## The problem
Word for word, copy the entire listing below, but do not carry over any pictures.
══════
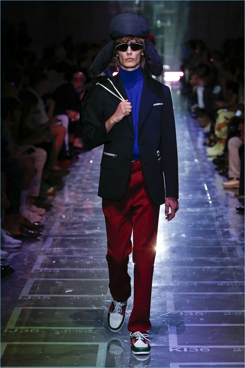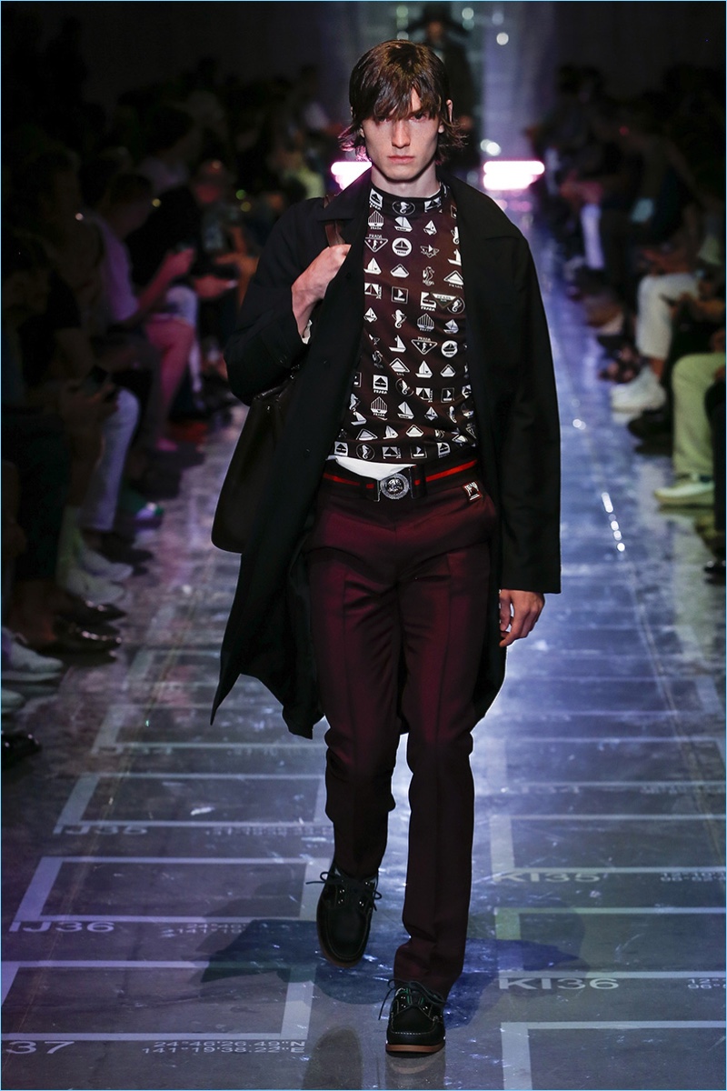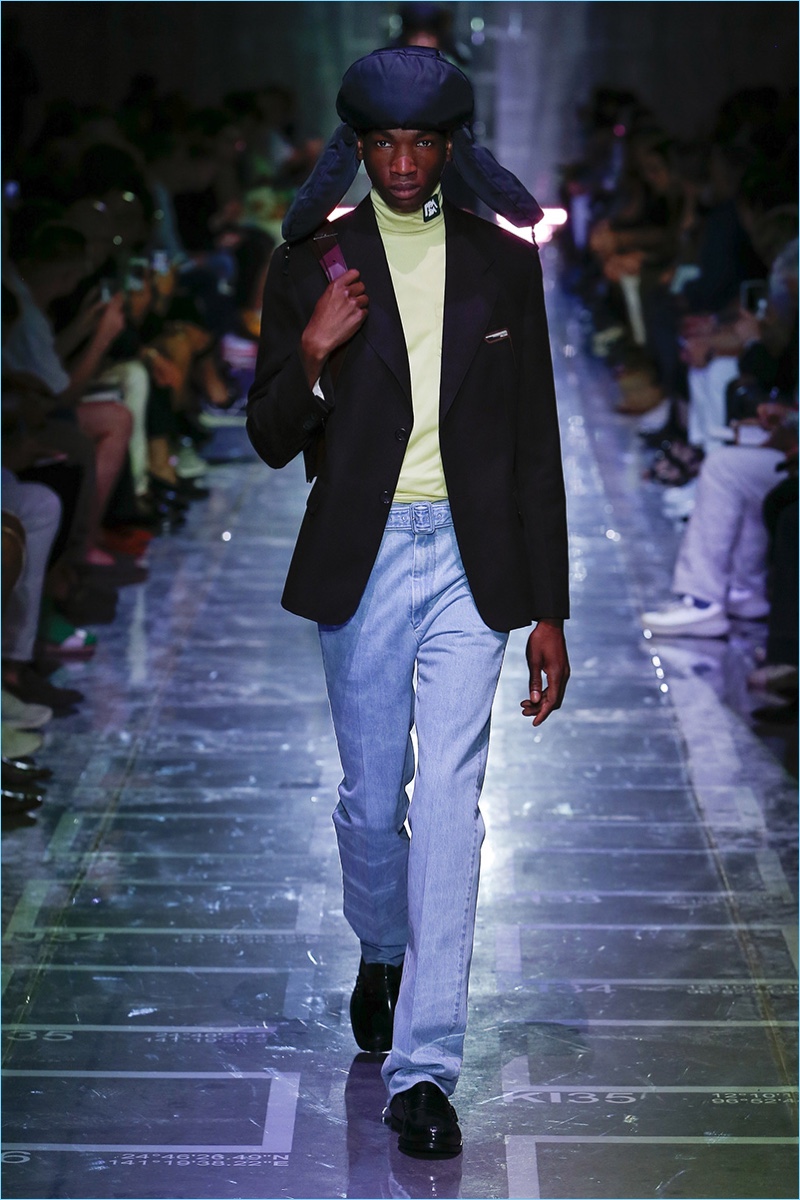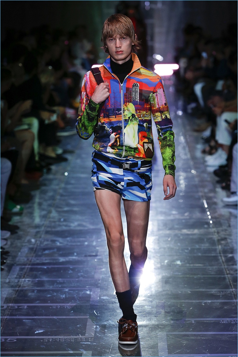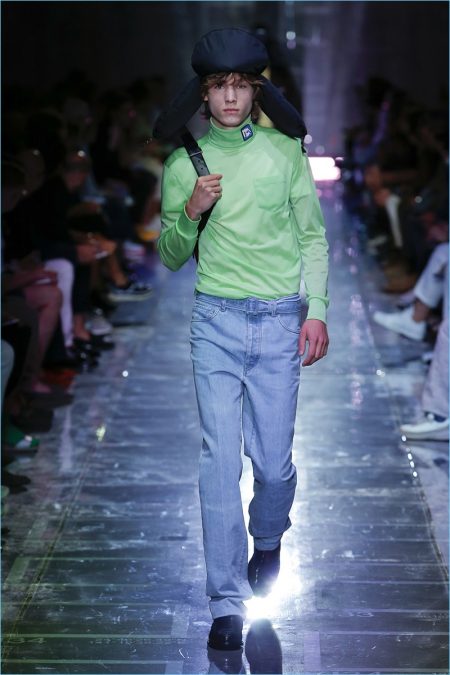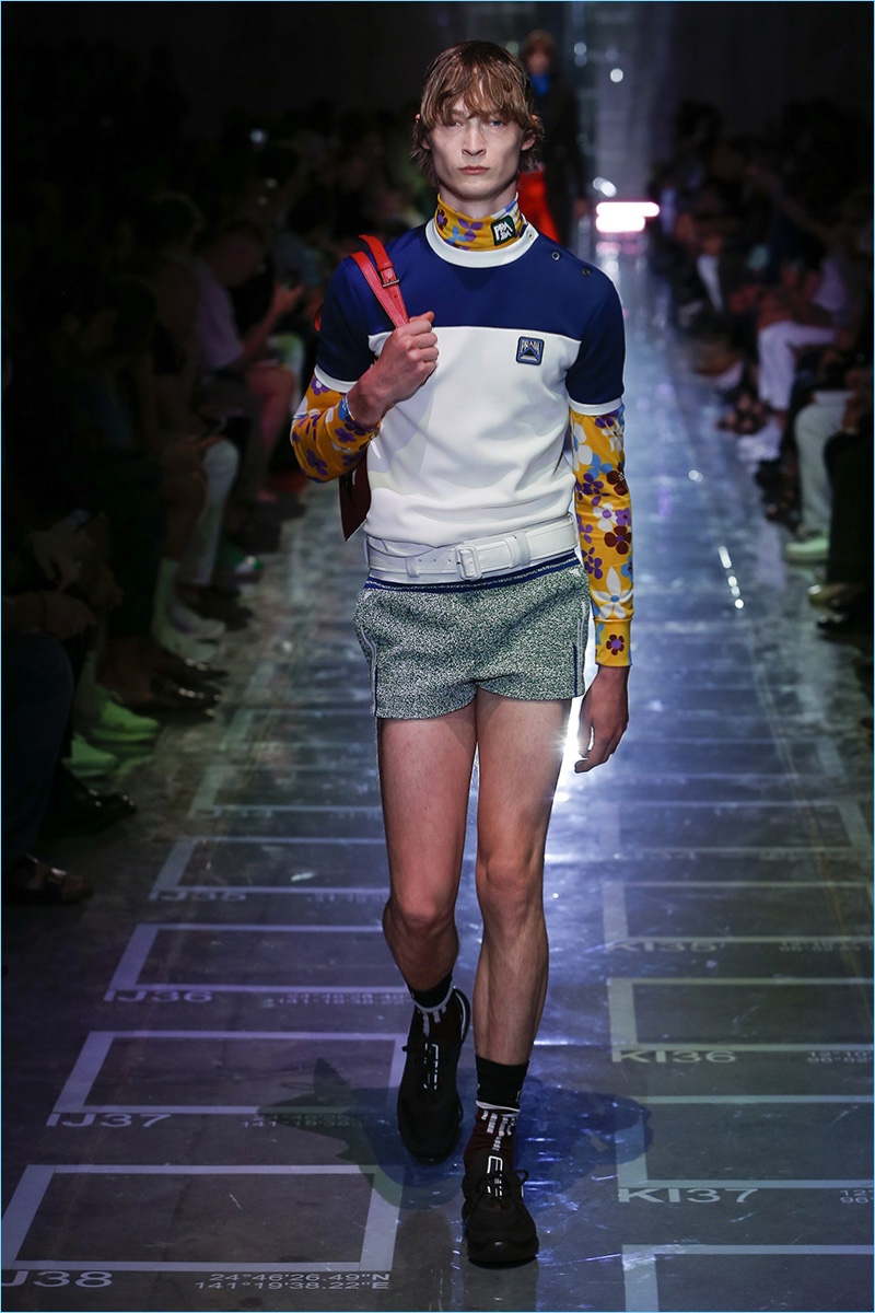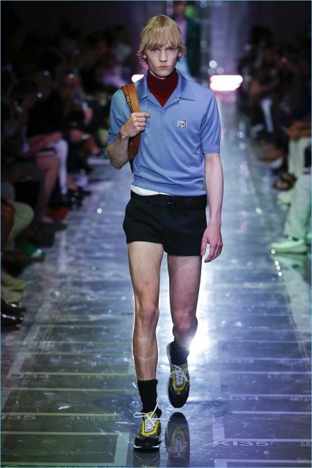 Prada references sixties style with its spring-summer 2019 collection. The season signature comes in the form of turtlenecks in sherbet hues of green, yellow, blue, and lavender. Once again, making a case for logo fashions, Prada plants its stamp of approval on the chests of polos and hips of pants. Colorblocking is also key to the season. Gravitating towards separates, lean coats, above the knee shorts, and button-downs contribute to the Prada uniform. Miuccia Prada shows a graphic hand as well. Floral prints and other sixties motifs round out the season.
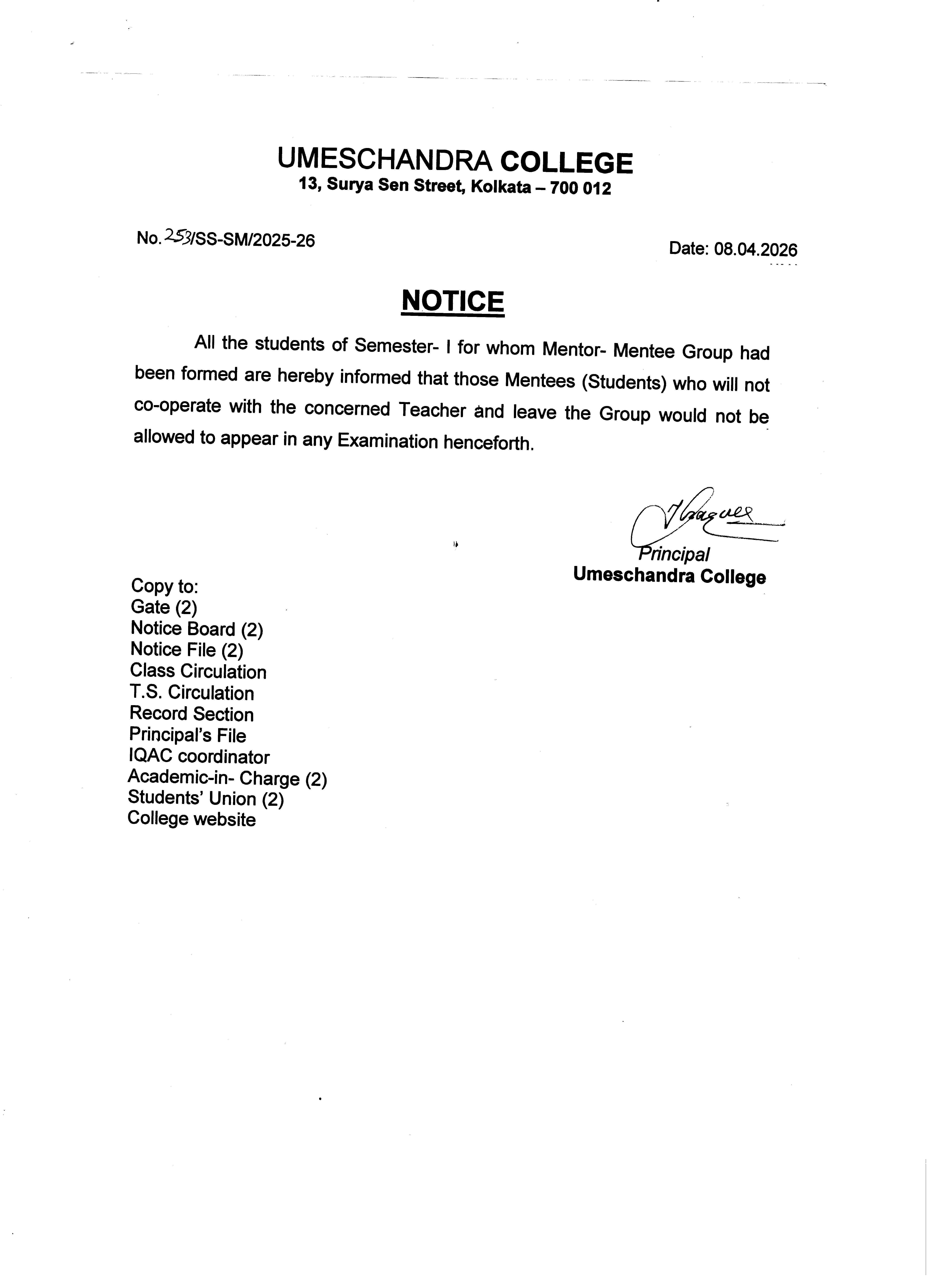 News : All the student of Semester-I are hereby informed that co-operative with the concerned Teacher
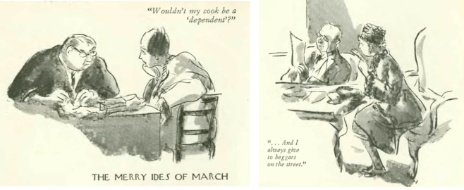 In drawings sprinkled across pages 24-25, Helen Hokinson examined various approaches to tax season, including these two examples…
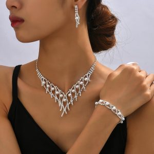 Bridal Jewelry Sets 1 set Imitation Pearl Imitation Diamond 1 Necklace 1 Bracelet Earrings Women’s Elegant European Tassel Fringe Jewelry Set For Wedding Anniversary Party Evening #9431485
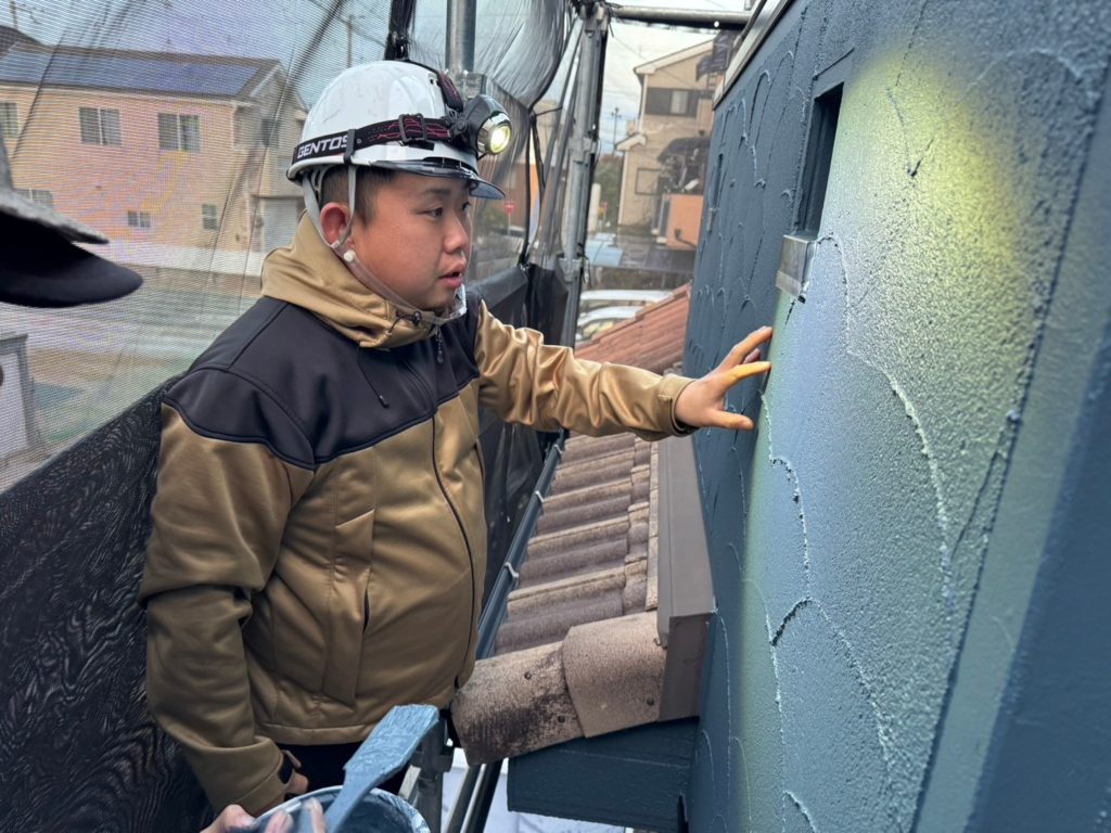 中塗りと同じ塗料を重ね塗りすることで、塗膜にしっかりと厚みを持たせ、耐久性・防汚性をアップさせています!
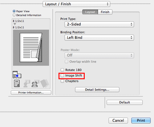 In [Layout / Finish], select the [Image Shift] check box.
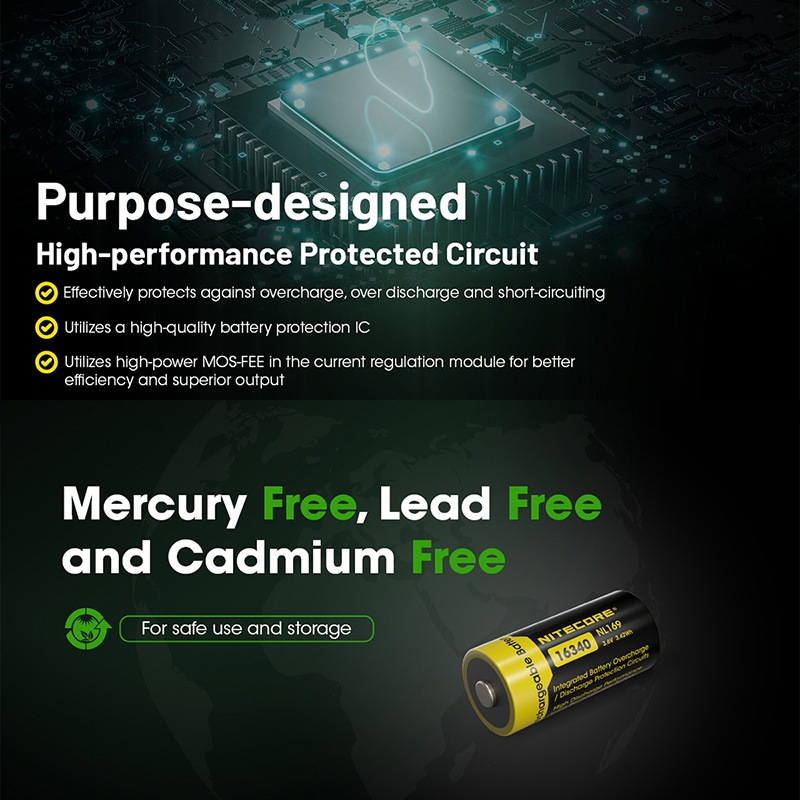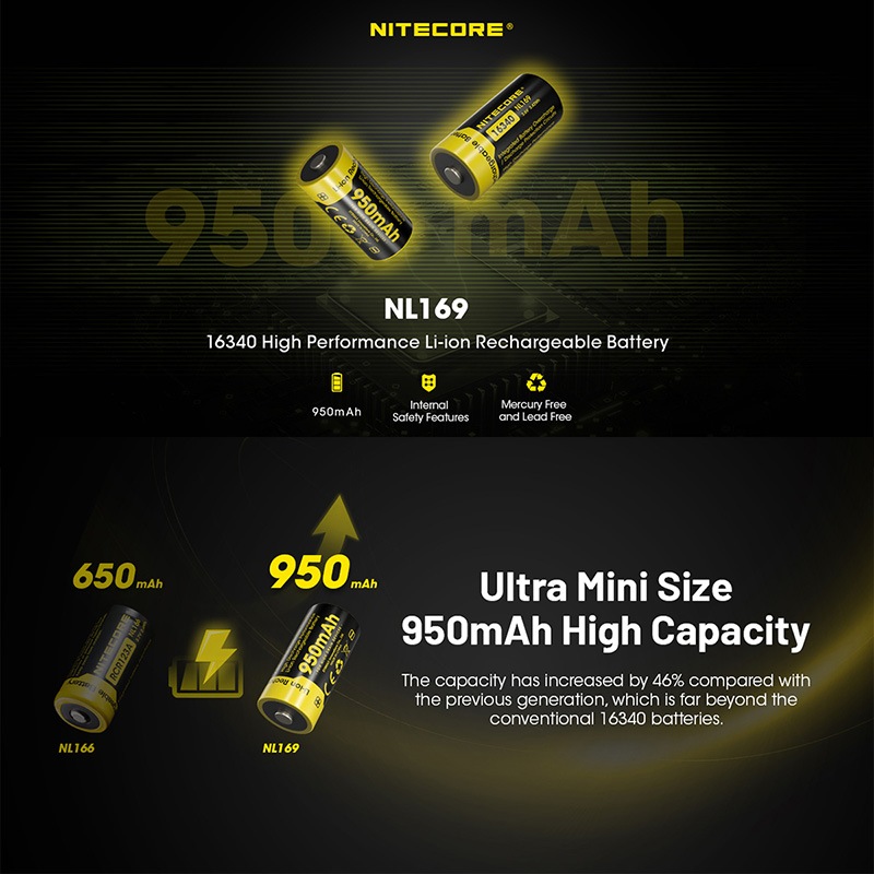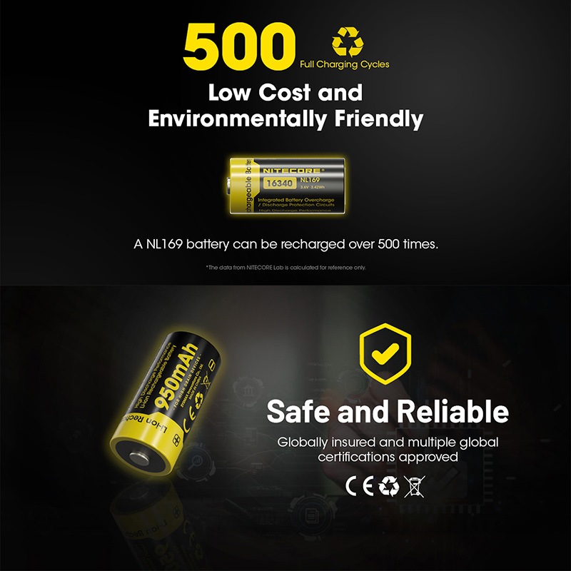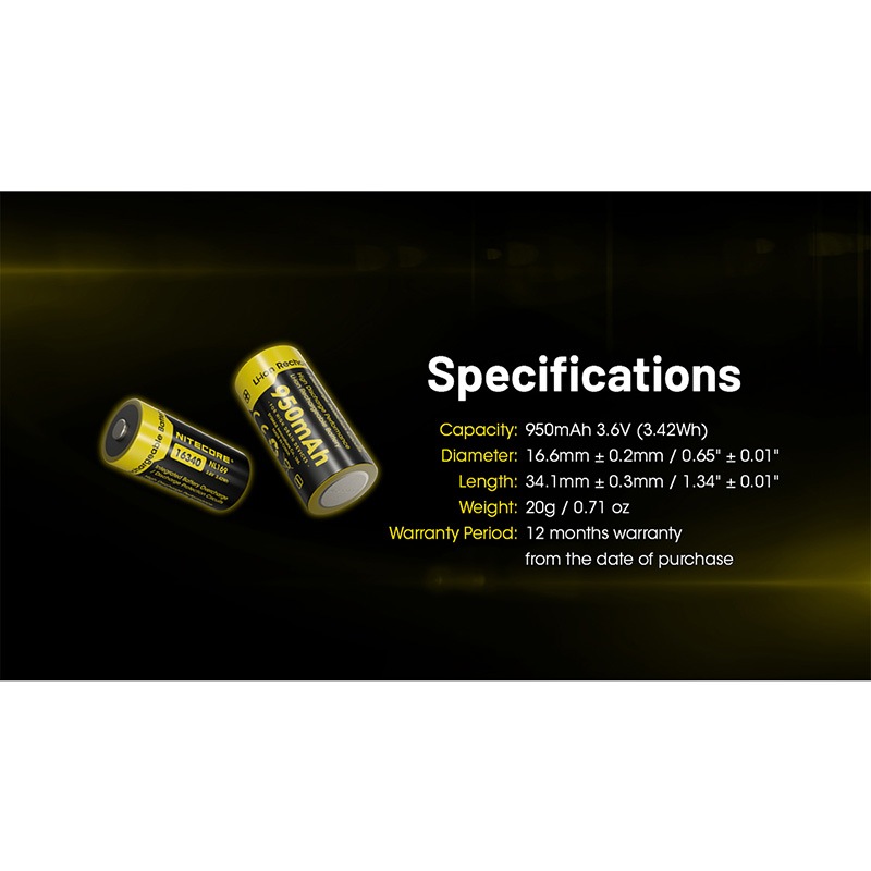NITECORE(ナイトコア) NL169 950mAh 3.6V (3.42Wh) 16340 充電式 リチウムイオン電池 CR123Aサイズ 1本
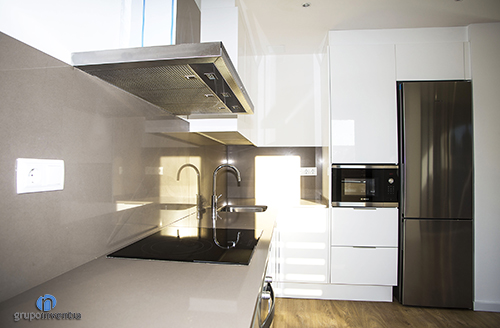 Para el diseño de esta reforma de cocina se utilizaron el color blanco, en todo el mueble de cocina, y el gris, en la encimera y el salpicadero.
══════
## Written response
 Prada references sixties style with its spring-summer 2019 collection. The season signature comes in the form of turtlenecks in sherbet hues of green, yellow, blue, and lavender. Once again, making a case for logo fashions, Prada plants its stamp of approval on the chests of polos and hips of pants. Colorblocking is also key to the season. Gravitating towards separates, lean coats, above the knee shorts, and button-downs contribute to the Prada uniform. Miuccia Prada shows a graphic hand as well. Floral prints and other sixties motifs round out the season.
 News : All the student of Semester-I are hereby informed that co-operative with the concerned Teacher
 In drawings sprinkled across pages 24-25, Helen Hokinson examined various approaches to tax season, including these two examples…
 Bridal Jewelry Sets 1 set Imitation Pearl Imitation Diamond 1 Necklace 1 Bracelet Earrings Women’s Elegant European Tassel Fringe Jewelry Set For Wedding Anniversary Party Evening #9431485
 中塗りと同じ塗料を重ね塗りすることで、塗膜にしっかりと厚みを持たせ、耐久性・防汚性をアップさせています!
 In [Layout / Finish], select the [Image Shift] check box.
NITECORE(ナイトコア) NL169 950mAh 3.6V (3.42Wh) 16340 充電式 リチウムイオン電池 CR123Aサイズ 1本
 Para el diseño de esta reforma de cocina se utilizaron el color blanco, en todo el mueble de cocina, y el gris, en la encimera y el salpicadero.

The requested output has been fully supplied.